Seit den 1980er Jahren hat sich diese Extremsituation etwas entspannt. Allerdings ist der Geist des Pragmatismus inzwischen tief im Corpus der Universität verwurzelt. Derzeit findet er in der Kommerzialisierung eine neue Erscheinungsform. Von kommerziellen Absichten getrieben expandieren die Universitäten rasant. Die Hochschulen orientieren sich im Allgemeinen an den Bedürfnissen der Geschäftswelt und bilden Menschen aus, die ein Händchen dafür haben, Geld zu verdienen.
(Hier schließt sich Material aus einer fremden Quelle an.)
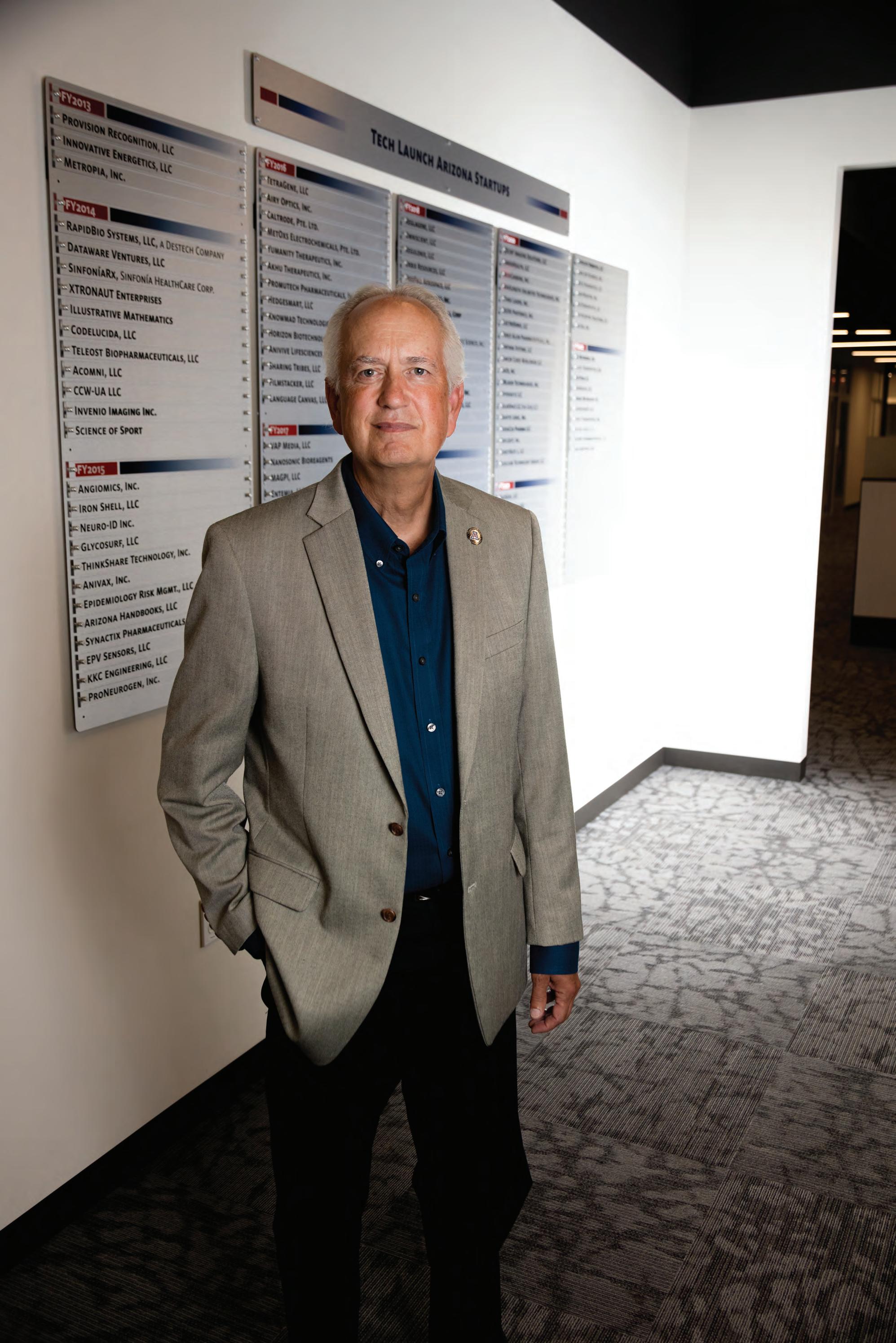 With all the knowledge and innova tion on the UArizona campus fueling the development of life-changing tech nology, there emerged a basic need that UArizona President Robert C. Robbins identified when he arrived on campus in 2017 – investment capital.

Kurzum, die chinesische Bildung hat sich im 20. Jahrhundert immer weiter von der Bildungstradition des konfuzianischen Edlen entfernt. Die Hochschulbildung ist zusehends verroht und die Tradition der geistig-moralischen Bildung erfuhr einen Bruch. Mit dem
Niedergang der edlen „junzi“ wurde auch die Ordnung der chinesischen Gesellschaft immer desolater. Bei denjenigen, die in der Gesellschaft die Verfügungsgewalt hatten, handelte es sich entweder um Dorftyrannen und lokale Banden oder um die wie aus dem Nichts aufgetauchten bewaffneten Anhänger der Revolutionspartei. Auch mit der Integrität der Regierungsbeamten ging es deutlich bergab. Die Ursachen waren natürlich komplexer Natur, doch der Bruch mit der edelmännischen Erziehung spielte eine erhebliche Rolle.
Wenn China heute eine gute Regierungsordnung anstrebt, besteht eine wichtige Aufgabe darin, wieder ein System zur Kultivierung edler Moral zu etablieren, um eine Elite aufzubauen, die gleichermaßen über Anstand, Geschick und Weisheit verfügt. Wie aber ließe sich in der modernen Gesellschaft sowie im Rahmen der kulturellen Tradition ein Mechanismus zur Ausbildung von moralisch einwandfreien Menschen einrichten? Hierin liegt eine große Herausforderung. Ich halte zwei Wege für denkbar.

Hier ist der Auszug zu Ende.